8. Conservation and Demand Management
   Conservation and demand management technologies and solutions are being championed in Ontario. These solutions enable demand-supply balance by avoiding new generation through either conservation programs or demand response tools. Conservation programs reduce net energy consumption. The other tool is demand management where peak demand is reduced during peak hours thereby reducing clearing prices. Which has has a profound effect. In the province of Ontario, these programs are rolled out via distribution companies. This laboratory will enable development of new conservation and demand management solutions.
   
   Which can also be pilot tested and validated in the same space.
    
9. Other Research and Innovation
   Several smart grid projects are underway at Ryerson University’s Centre for Urban Energy, the University of Waterloo Institute of Sustainable Energy, Western University and other institutions in Ontario such as the Clean Energy Institute.
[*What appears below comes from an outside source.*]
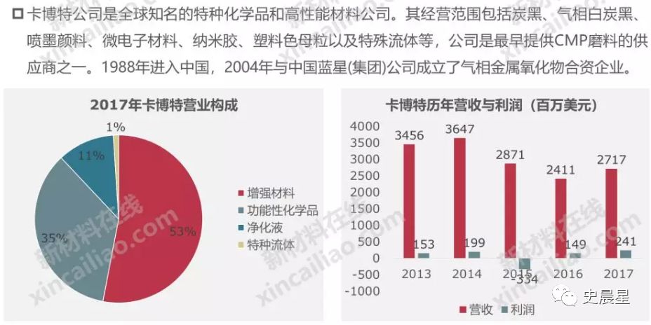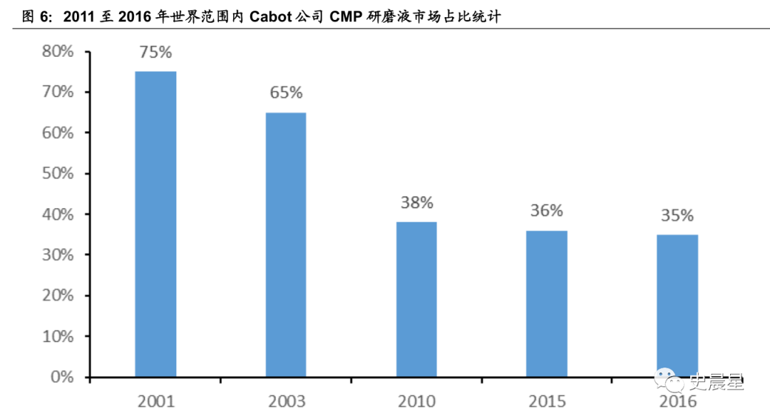 卡博特微电子 Cabot Microelectronics 是全球第一大抛光液和第二大抛光垫供应商,2004 年与中国蓝星(集团)公司成立了气相金属氧化物合资企业

These include algorithms and products for analysis, control, and optimization of smart grid elements such as advanced distribution systems and microgrids. These research and innovation products need a venue for pilot testing and demonstration. This laboratory shall provide an industrial test bed for such pilot testing and demonstrations for developers, investors and other international participants who might wish to engage and benefit.
    
10. Education
    The Centre for Urban Energy hosts 10 student projects on smart grids from the Department of Electrical and Computer Engineering each year. They are funded through generous grants from Hydro One and Toronto Hydro. These students will directly benefit by being trained in this state-of-the-art facility. Ryerson University has also announced plans for graduate programs in Energy and Innovation. Students in these graduate programs shall have a four-month internship in this smart grid laboratory as a part of their curriculum. Creation of this laboratory shall directly facilitate training of highly qualified personnel specializing in smart grids contributing to provincial economy.
     

About the Author

Dr. Bala Venkatesh is both founding Academic Director and head of the Ryerson Centre for Urban Energy (CUE). He currently serves as a Professor of Electrical Engineering at Ryerson and has also taught at the University of New Brunswick, Multimedia University (Malaysia), and Anna University (India). He has published more than 100 articles in journals and conferences and has supervised 34 MASc and PhD theses. In total, his extramural funding is more than 10 million dollars. He is a registered professional engineer in Ontario and, in the last two decades, has worked on over 10 consulting projects in India and Canada.